The observed failures were categorized into five groups: 1- Cohesive in relining resin (COHES-res), 2- Cohesive in denture base (COHES-den), 3- Adhesive between titanium cylinder and relining resin (ADHES-ti), 4- Adhesive between relining resin and denture base (ADHES-den), 5- Mixed, indicating both adhesive and cohesive failures (MIX) [22].
Results
According to the two-way ANOVA between-subjects effects test, both denture base fabrication techniques and hard relining resin materials statistically significantly affected the push-out force for the fixation of IPHPs to titanium cylinders on multi-unit abutments (p <.001). Moreover, denture base fabrication techniques*hard relining resin materials interaction was also statistically significant (p <.001), indicating that their combination influences the fixation of IPHPs to titanium cylinders.
The obtained push-out force values (N) (Mean ± SD) are presented in Table 3. Within the milling group, PR led to the highest push-out force values, followed by QP (p <.05). No statistically significant differences were observed among UGH, FBH, and QR (p >.05). In the 3D printing group, QR and PR demonstrated statistically significantly higher values than UGH (p <.05), whereas there was no statistically significant differences among FBH, QP, QR and PR. Similarly, no statistically significant differences were found among UGH, FBH, and QP. In the injection molding group, PR exhibited higher values compared to UGH (p =.001) and QP (p =.012), while no statistically significant differences were observed between PR and FBH or PR and QR (p >.05). Additionally, no statistically significant differences were observed between UGH and QP, or FBH and QR. In the heat-polymerization group, no statistically significant differences were observed among QR, PR and QP. However, QR and PR exhibited higher push-out force values than UGH (p <.001) and FBH (p =.002). QP also showed statistically significantly higher values than UGH (p =.002), but no statistically significant differences were found between QP and FBH or between FBH and UGH (p >.05).

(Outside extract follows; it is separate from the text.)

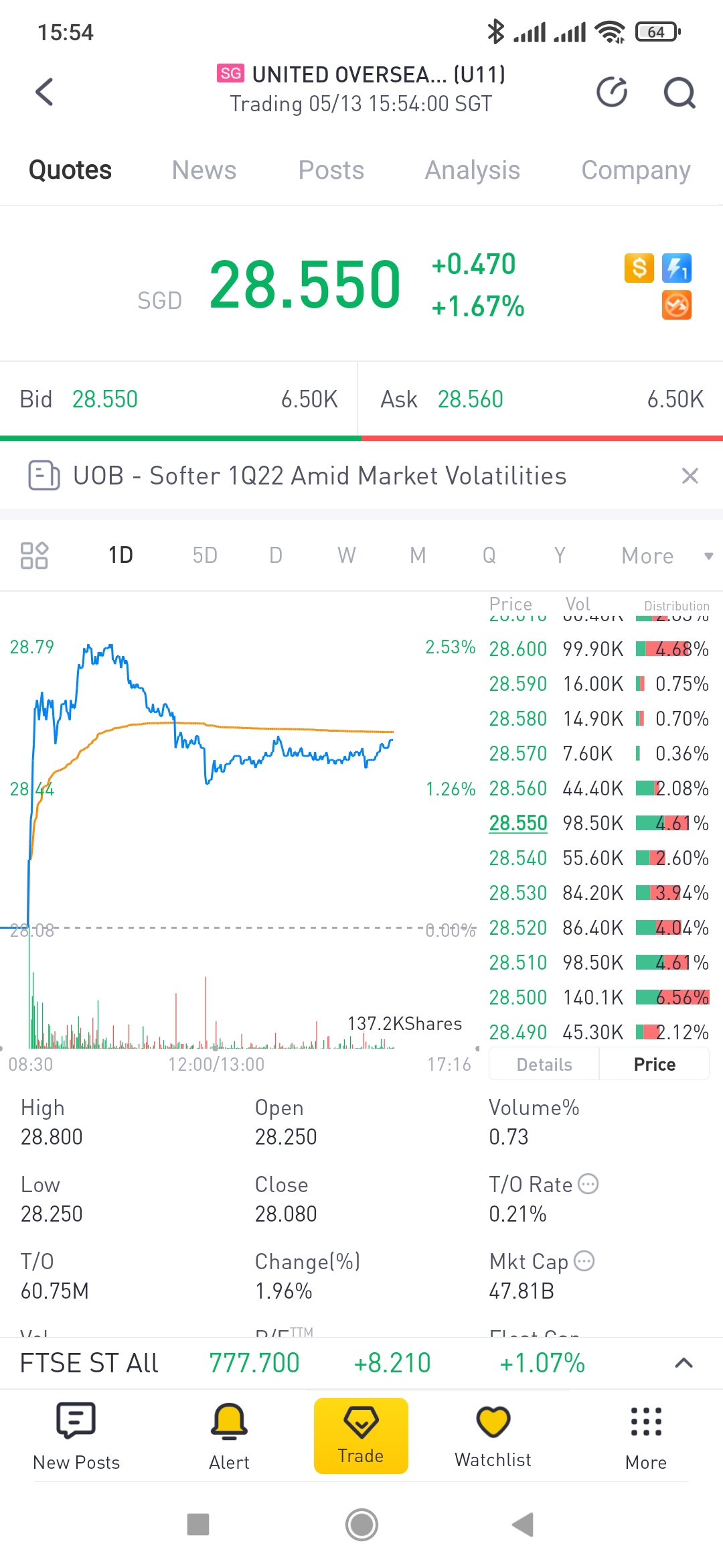 $UNITED OVERSEAS BANK LIMITED(U11.SI)$Today is dividend payout day, $0.60 per share, and already credited into Tiger account this morning, faster than CDP account which still not credited as this afternoon.

For all hard relining resin groups, no statistically significant differences were observed among the denture base fabrication techniques, except for QR. QR showed the highest values in heat-polymerization group (p <.05) and the lowest in the milling group. Additionally, no statistically significant differences were found between the 3D printing and injection molding techniques for QR. Within CAD-CAM techniques, the 3D printing showed statistically significantly higher push-out force values than milling for QR. However, no statistically significant differences were observed between these two techniques for UGH, FBH, QP, and PR, although milling produced numerically higher values for PR, QP, and UGH (p >.05).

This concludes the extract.